P.S. As a reminder that temperature and aging have effects, here is the 0402 "4.7uF" capacitor at 5V bias over temperature:

And the typical aging characteristics of different dielectrics from Digikey/TDK:

The high capacitance, low ESR and small size of ceramic capacitors may seem like magic to those of us who were around before they were developed, but as many stories remind us, magic often comes at a price.

• I feel like I was fooled for my whole life by knowing this, thinking that all packages were the same. That's literally called magic Commented Jun 29 at 3:09
• @HazardousVoltage It's not the package size directly, but the number of barium titanate unit cells available (which is a function of volume, so it's indirectly package size). Commented Jun 30 at 13:20

Ceramic capacitors with dielectrics other than C0G/NP0 are varicaps. Their internal structure as well as dielectric will affect how sensitive their capacitance is to DC voltage bias.

Why is that happening, even though both of them have the same capacity?

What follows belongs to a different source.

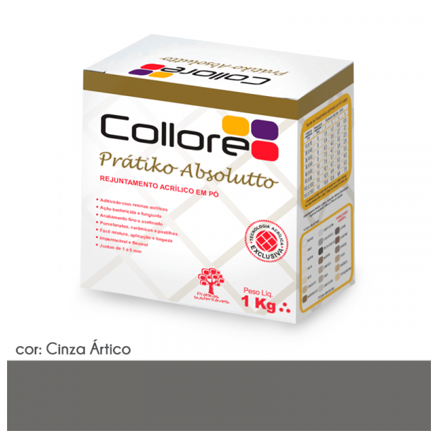 O Rejuntamento Collore Pratiko Absolutto é formulado à base de Ligantes, Agregados Minerais Beneficiados, Pigmentos Inorgânicos, Aditivos e Resinas Especiais. Tipo II.

They don't have the same capacity because they don't use the C0G/NP0 dielectric. They are variable capacitors with capacitance mostly decreasing with DC voltage (not always!). They are different parts (due to different package), so they simply are varicaps with a different capacitance vs. voltage response.

In short: their capacitance is a function of the voltage on the capacitor, and is not a same across devices. Different cap designs/sizes are expected to react differently to DC bias.

When I use the 1206 package, the timer stays for 4 minutes approximately, while when using the 0805 package, the timer stays for 3 minutes.

The package is a bit of a red herring. Different packages dictate different internal structure - number of layers, layer thickness, etc. So changing the package gives you a different capacitor even if the nominal specifications are the same. These differences affect the capacitance response to DC bias.